It turns out that the vanguard of e-marketplaces may not be a flashy upstart dot-com, but the U.S. Navy.
The service has named 21 contractors to compete for contracts on its first e-marketplace — a bazaar that will focus only on services. The Naval Sea Systems Command, or NavSea, quietly opened SeaPort at www.seaport.navy.mil several weeks ago with hopes of awarding up to $300 million worth of contracts annually.
It is, by all accounts, the first marketplace devoted exclusively to procuring professional services, rather than materials or a combination of both. That has caught the interest of both an insurer and a steelmaker, said Capt. Kurt Huff, deputy director for contracts. They want to see how the Navy uses SeaPort to obtain design, financial management, logistics and program management services, then borrow the Navys tactics for their own e-marketplaces.
“They want to take our concept and lay it on top of hard goods,” Huff said.
More and more companies are wondering how to extend their e-commerce to services, analysts and industry officials said.
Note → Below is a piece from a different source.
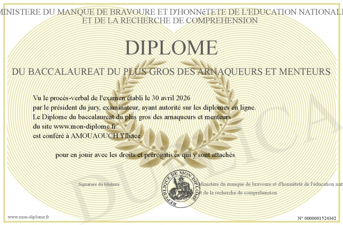 Envoyez par email votre Diplôme du baccalaureat du plus gros des arnaqueurs et menteurs personalisé
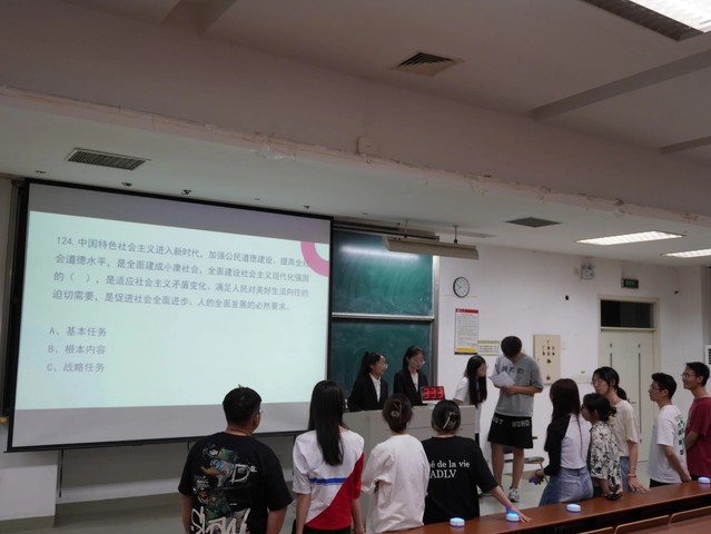 本次党史知识竞赛活动采用分批分组抢答的方式,共计初赛、决赛、加时赛三轮。初赛各批次的小组分别挑选五位学员上场答题,其中一名学员负责抢答。本次知识竞赛的题目涵盖党史、新中国史、改革开放史社会主义发展史等党的知识,范围广且题型多样,充分考验了学员们的知识储备和心理素质。

“Services are kind of the next frontier,” said Jupiter Media Metrix analyst Tim Clark. “Its a lot harder to do.”
The benefits are strategic, said Diana Jovin, president of CascadeWorks, a San Francisco start-up founded to enable electronic procurement of services. Not only can companies save money by automating service procurement, they can also better track performance and manage relationships with service vendors, Jovin said.
NavSea originally wanted to create the exchange to track its own spending on professional services — which takes place through 350 or more contracts with more than 80 contractors. The need became more acute when Congress cut $250 million, marked for such spending, from its budget.
The 21-company pilot group is drawn from NavSeas 80 contractors. By allowing them to bid against one another for work, NavSea expects contract savings to be 5 percent per year for the life of the contract. SeaPort will make NavSeas spending processes more efficient and, for the first time, will provide intelligence on its spending patterns, Huff said.
Commerce One won a five-year contract to host the marketplace for $2.8 million. SeaPort will also use the e-business consulting services of IBM and Computer Sciences Corp.
The exchange works with a link to Exostar, the aerospace and defense e-marketplace. NavSea posts requests for quotations and reviews proposals on SeaPort. The contracts are actually awarded on Exostar.
The required mix of services can vary from bidder to bidder within the same procurement. Negotiating prices for services requires more back-and-forth than for physical goods.
The Navy has also developed ways for bidders to submit multiple alternate bids on the same project. This lets NavSea consider a greater variety of contracts — for example, the choice of one $100-per-hour star consultant or two $60-per-hour consultants, one with related specialty experience.
Government procurement rules prohibit the kind of flexible dialogue that takes place in the private sector. Trying to work around that, NavSea came up with this method.
“The thing that bothers me is we by fiat are having contractors determine what they think is best value when I want to be the guy who does that,” Huff said.